During much of her history, Japan was in the larger cultural orbit of China and Chinese culture; indeed, in the arts at least, China remained the model, particularly in poetry and painting, from about the fifth century down until the middle of the 19th century. The opening of Japan to the Europe and the United States soon caused a new and powerful interest in Western culture which eventually replaced the appeal of the Chinese tradition. Until that time, however, classical Chinese remained the language of educated people, at least for literary purposes, in somewhat the same fashion that Latin was the language studied by educated people in Europe at the same period. Anthologies of Chinese poetry were widely read and memorized, and such great poets as Du Fu and Su Dongbo were as much revered as any writers in the Japanese pantheon; indeed, Matsuo Bashō (1644-1694), whose haiku and travel diaries remain among the most moving and significant works composed in the Tokugawa period, was deeply influenced by classical Chinese poetry and often reworked passages from these poems into his own writings.
One important factor that helped to foster the development of a uniquely Japanese culture involved the persistent realities of geography. Countries such as Korea and Vietnam, also in the Chinese cultural orbit, borrowed musical, artistic, and literary forms and ideals extensively, and more or less on a continuous basis, from China. Japan, separated by treacherous seas and difficult travel conditions, had far more sporadic contacts with China, occasionally intense, sometimes virtually non-existent, for much of her history. Thus, Japan's culture managed to develop often quite independently from that of China. While remaining a reference point, China was never to play the kind of consistent and dominant role seen in counties and areas in her inner orbit.
One period when intense interest in Chinese culture helped define the Japanese arts was in the Heian period (791-1185CE), when the Japanese court admired and emulated the Chinese arts to a high degree. In the fiction of the period, for example, the qin appears as a musical instrument of high distinction in such works as The Tale of Genji (Genji monogatari) by Murasaki Shikibu, a work dating from around 1002, and in Sei Shōnagon's The Pillow Book (Makura Sōshi) written in roughly the same period. The musical works played on the qin, usually of Chinese origin, were highly regarded for their emotional depth and evocative nature, somewhat in the same fashion that European classical music has long held high prestige in the United States, as a sign in performer and listener alike of taste, education, and artistic sensibility. This is not surprising because in China, the qin was intimately and exclusively associated with the refinement and sophistication of the literati.
The qin, or seven-string zither, is widely acknowledged to be the most important musical instrument in China. This claim has many reasons: its long and continuous history, its unique performance practice and social status, its rich lore and ideology that are preserved in both oral literature and an enormous amount of written and pictorial sources, its vast repertory recorded in a special notational system, and its aesthetics.

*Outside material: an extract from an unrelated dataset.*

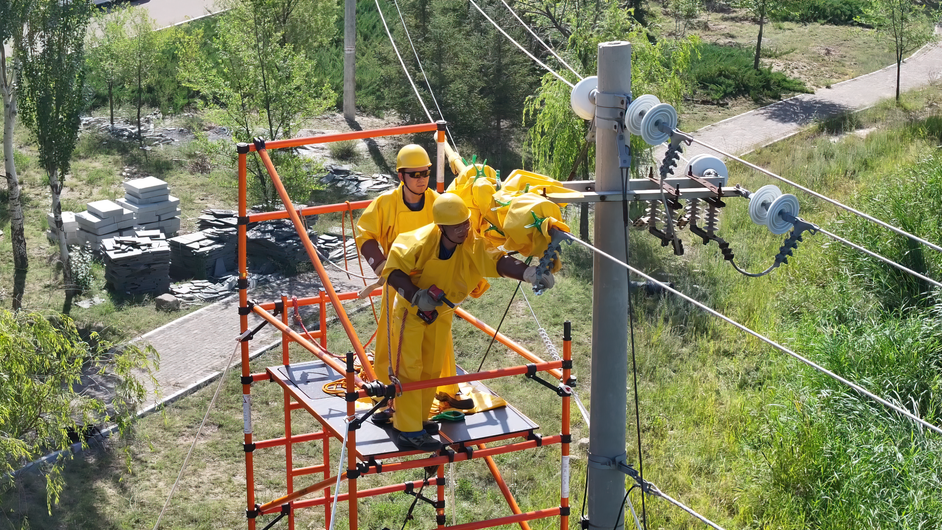 8月23日,在35千伏三园变电站921科普区线92号杆作业现场,鄂尔多斯供电公司配电带电作业处在集团公司范围内首次“解锁”了全新不停电作业的新方式——利用绝缘移动平台开展带负荷拆除隔离刀闸作业任务。此项作业是助力公司推进中压配电网“零计划停电示范区”建设工作、提升客户用电获得感的又一重要举措。作业现场,该处带电班作业人员严格按照标准化工作流程在平台上进行操作,地面人员和现场安全监护人员各尽其责,经过4个多小时的协同操作,绝缘脚手架带电作业顺利完成,确保线路800余户居民用电“零影响”。

Archeological and literary evidence testifies that the qin existed, with a construction similar to the one found today, at least two thousand years ago. While many instruments in the world are as old, few can claim the unbroken continuity of the qin tradition, a continuity which underscores its generally conservative nature. The tradition has retained much that is archaic, including its performance practice, social context, repertory, and notational system.